Y uno empieza a parecerse a su alma.

Y todos caminamos distraídos por las calles repletas de gente y nos ignoramos hasta que encontramos, recortados en una esquina, ojos como los de María que quedan tatuados en la memoria como abrojos prendidos en las medias de un niño que juega descalzo en una cancha de fútbol despoblada, sin jugadores ni hinchada.

Los ojos de María me recuerdan a los míos y muero de ganas, entonces, por liberar el alma y rápido me convenzo que es una quimera y me frustro y recuerdo a María y quiero rescatarnos, delineándose así mi misión como si se tratara de una solidaridad heredada, implícita en el género, incuestionable, inaccesible.

Así, errante guerrera, camino la vida.
Aguerrida, batallada.
Con 32 otoños en mi haber, los ojos de María en mi estandarte y las ganas contenidas en la garganta.

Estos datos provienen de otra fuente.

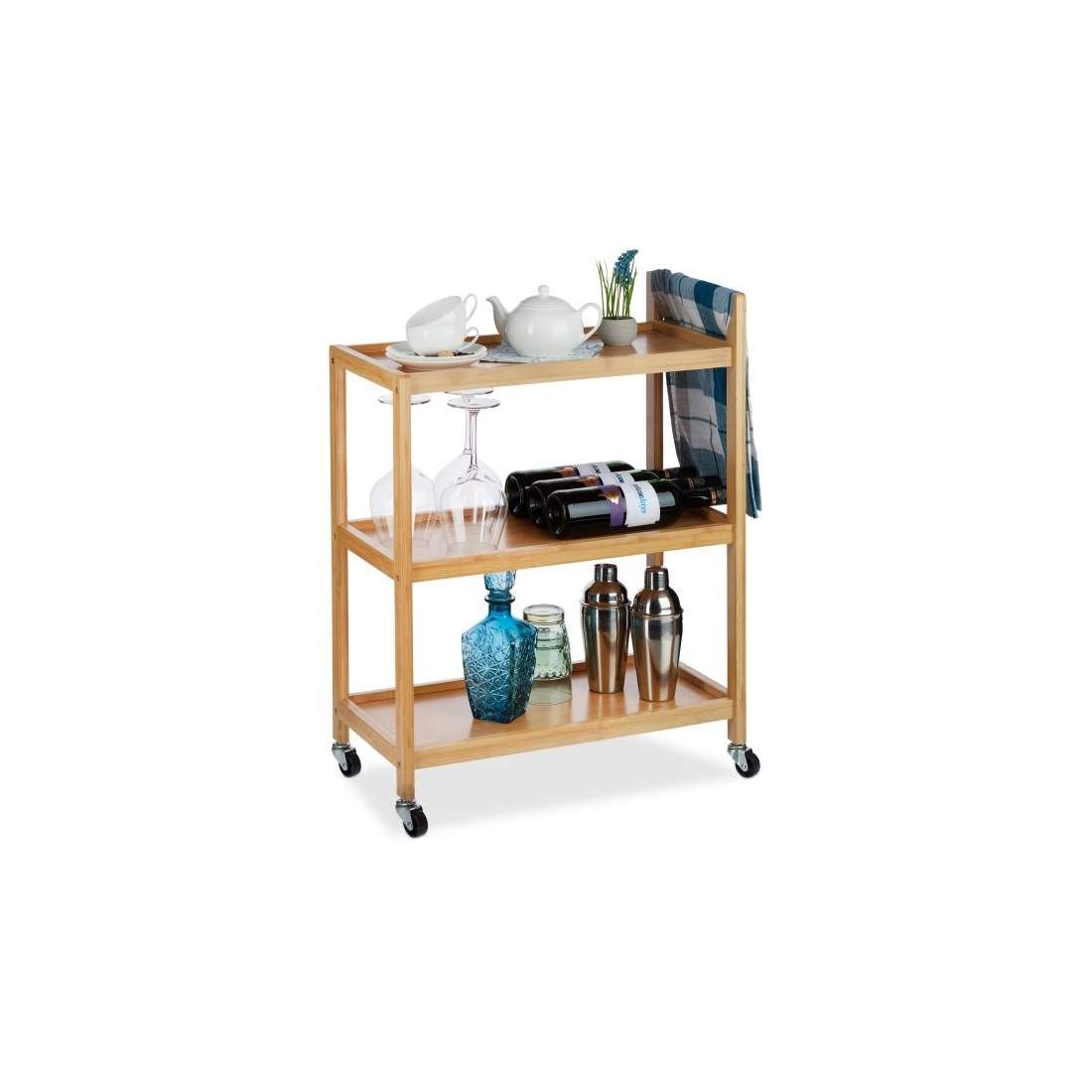 Denna lilla bambuvagn är en praktisk lösning för att organisera ditt hem. Med tre hyllor och hjul är den lätt att flytta runt och passar perfekt för förvaring av diverse föremål i badrum, kök eller pysselrum.

Grito, zapateo… gano, pierdo.

No hay meta, sólo camino infinito que no se detiene ni por mi cuerpo; sigo más allá, trascendiéndolo y cuando vuelvo a él me siento presa.
Cautiva detrás de los ojos de María que son cárcel como los míos y los de todos.
Recuerdo a tantos gritando por libertad enredados en las líneas extensas de los libros de historia, ignorando sus limitaciones y sus pretendidas falsas conquistas.
Así, vuelo con mi imaginación para liberar el alma, alto, muy alto. Puedo entonces nadar sin recuperar el aliento; no necesito dormir ni dar largos testimonios ni reivindicarme.
Simplemente vuelo y bailo con otros en el aire… somos libres y los ojos de María se vuelven un sutil recuerdo poco nítido hasta que otra vez me topo con ellos y me encarcelan, me subyugan, me envenenan…
Ojos húmedos y constelados como una noche infinita, entonces vuelvo a mi cárcel como todos. Como todos.
Como todos.

De pronto María me habla y me dice: “¿Me da permiso, por favor?” Y yo no sé que hacer! Nunca antes un carcelero me había pedido permiso. A los segundos (más de los esperados en una situación así) los ojos de María se tornan desconfiados, inquisidores, malhablados. Ella no pronuncia palabra pero su cuerpo y sus ojos (especialmente sus ojos) me empujan para pasar a pesar de mi falta de respuesta.
Y yo (cautiva por la inactividad de mi cuerpo) murmuro “Disculpe” y ella pasa, mirándome inexpresiva ahora, sin tomar mis disculpas, dejándolas tiradas en la esquina, junto a un charco de agua sucia.

María se va.
Yo me quedo… con mis disculpas, el agua sucia y mi alma presa.